Chabeuil, le 6 novembre 2012. Cette année, j’ai attendu quelques jours pour acheter les chrysanthèmes destinées à fleurir la tombe de mon père, au cimetière du village. J’avais bien remarqué, l’an dernier, que notre coopérative agricole proposait, dès le 3 novembre, des chrysanthèmes en solde, à moitié prix. L’occasion était trop belle : j’ai donc choisi un petit pot très coquet, réglé 3E95 au lieu des 7E90 qu’il m’eût fallu débourser il y a peu.
Mon père état avare, voilà l’affaire.
J’ai donc voulu l’amuser, lui faire plaisir, le réjouir par cette disposition marchande et lui montrer que son sens de l’économie pouvait astucieusement s’appliquer à cette sorte de détails mortuaires où les familles se ruinent d’ordinaire. Et je suis sûr qu’il pense que j’ai bien fait : dans son petit paradis (étriqué comme il faut pour qu’il y soit mieux à son aise) il juge mal les rituelles dépenses florales qui débordent [mon père ne débordait pas, pas le genre…] sur les tombes de ses voisins. Et au passage, je lui fais croire à bon compte, n’est-ce pas, que notre famille est fidèle à son héritage de parcimonie, alors que c’est tout le contraire, que l’argent nous file, à tous les siens, entre les mains.

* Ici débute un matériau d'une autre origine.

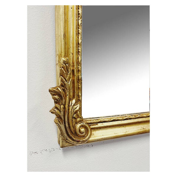 Klassieke barok spiegel met gouden frame. De rechthoekige spiegel heeft een prachtige gipsen lijst met een sierlijke kuif. De spiegel is in perfecte staat en heeft een stevig ophangsysteem.

Alors il rigole, mon vieux père, je le sais, je l’entends : ce genre de ruse commerçante et calculatrice l’excitait et la mort ne l’a pas arrêté : il rigole en silence, en secouant les épaules et à la fin il pleure de rire et me dit : ‘…alors toi alors…toi alors…t’es un drôle de zig. [Zig était un mot à lui, à quoi il donnait le sens de ‘petit malin’. Les petits malins avaient en effet toujours sa faveur.] Remarque, à bien y réfléchir, t’as bien fait, t’es un bon fils [mon père me disait ce genre de choses, t’es un bon fils, sérieusement…] et j’ai bien compris que tu fais ça pour me faire plaisir ; tu me connais, c’est très gentil cette petite attention, finalement. Et puis hein, là où je suis, dans mon petit paradis (ma petite retraite), je peux bien attendre deux jours, pas vrai ? ‘ Et comme mon père est resté un homme de tradition, nettement rétrograde (sans être réactionnaire) et très facilement (même/surtout mort) versé dans des habitudes qui le rassurent, mon père ajoute, au moment où je quitte le cimetière : ‘merci, Claude, tu es gentil, et pour l’année prochaine, fiston, fais la même chose…elles sont très jolies, tes fleurs à moitié prix…ça va m’amuser toute l’année…)(‘d’accord, mon vieux, d’accord…mais n’en fais pas trop…’)
Nota : j’étais pas le seul, ce matin à la coopé, à profiter des chrysanthèmes soldées : une cliente longue et mince, de noir vêtue, en a chargé trois pots considérables dans sa petite voiture.